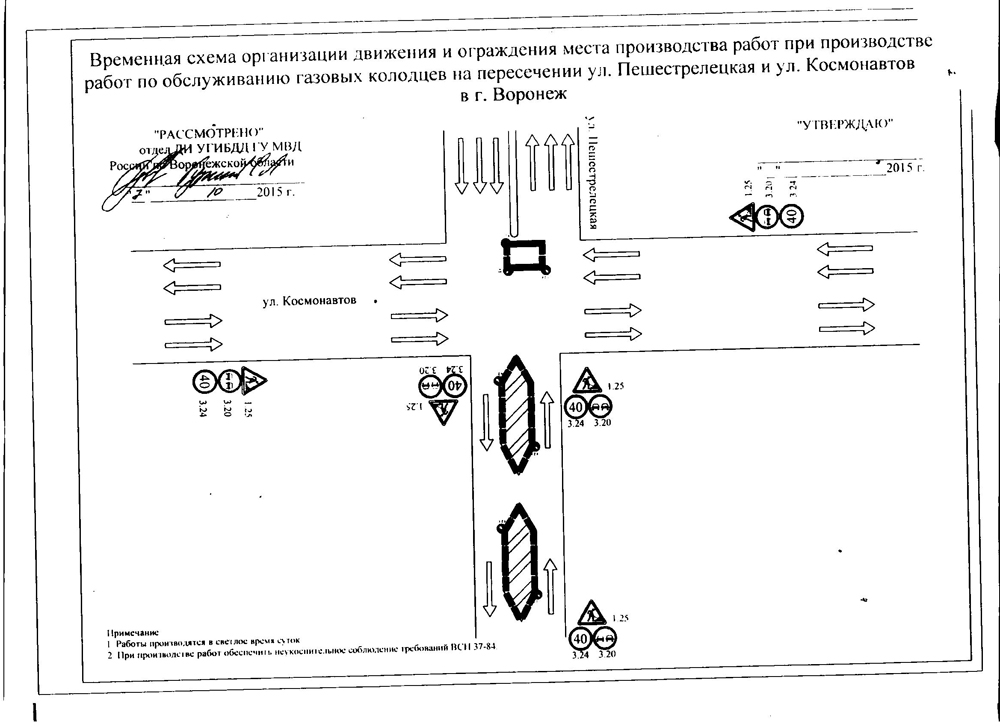 07.10.2015В связи с аварийно-ремонтными работами на подземном газопроводе среднего давления с 08:00 08.10.2015 до 23:00 09.10.2015 будет ограничено движение транспортных средств в районе домов по ул. Пеше-Стрелецкая, 95 и 97 и на перекрестке ул. Космонавтов – ул. Пеше-Стрелецкая в соответствии с утвержденной схемой производства работ:
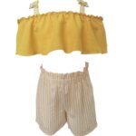 Σετ με κεντημένο τοπάκι και σορτς με λάστιχο 2cm στην μέση .
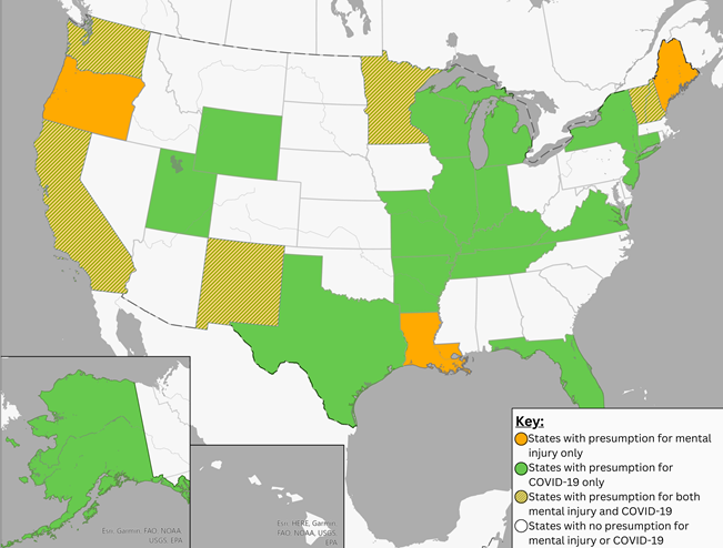 The number of states that have presumption of causation laws for diseases associated with firefighting and EMS work, like cardiovascular disease, respiratory disease, and infectious disease, far outweighs the number of states that have mental health presumption laws. For example, 23 states were able to pass presumption laws for COVID-19 during the pandemic, while only 9 states have presumption of causation laws for mental health conditions.
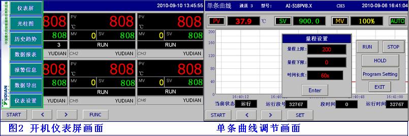 新一代真彩人機(jī)界面AI-2070S/C分體式無紙記錄儀,通過RS485通訊接口,能方便地與AI智能程序型PID溫度調(diào)節(jié)器配合使用。在電爐程序控溫時在人機(jī)觸摸屏上可顯示雙曲線運行圖;

━━━━━━━━━━

• **Problem to work on**
Return all of the lines above without alteration, minus the pictures.

• **Answer**
 07.10.2015В связи с аварийно-ремонтными работами на подземном газопроводе среднего давления с 08:00 08.10.2015 до 23:00 09.10.2015 будет ограничено движение транспортных средств в районе домов по ул. Пеше-Стрелецкая, 95 и 97 и на перекрестке ул. Космонавтов – ул. Пеше-Стрелецкая в соответствии с утвержденной схемой производства работ:
 Σετ με κεντημένο τοπάκι και σορτς με λάστιχο 2cm στην μέση .
 The number of states that have presumption of causation laws for diseases associated with firefighting and EMS work, like cardiovascular disease, respiratory disease, and infectious disease, far outweighs the number of states that have mental health presumption laws. For example, 23 states were able to pass presumption laws for COVID-19 during the pandemic, while only 9 states have presumption of causation laws for mental health conditions.
 新一代真彩人機(jī)界面AI-2070S/C分體式無紙記錄儀,通過RS485通訊接口,能方便地與AI智能程序型PID溫度調(diào)節(jié)器配合使用。在電爐程序控溫時在人機(jī)觸摸屏上可顯示雙曲線運行圖;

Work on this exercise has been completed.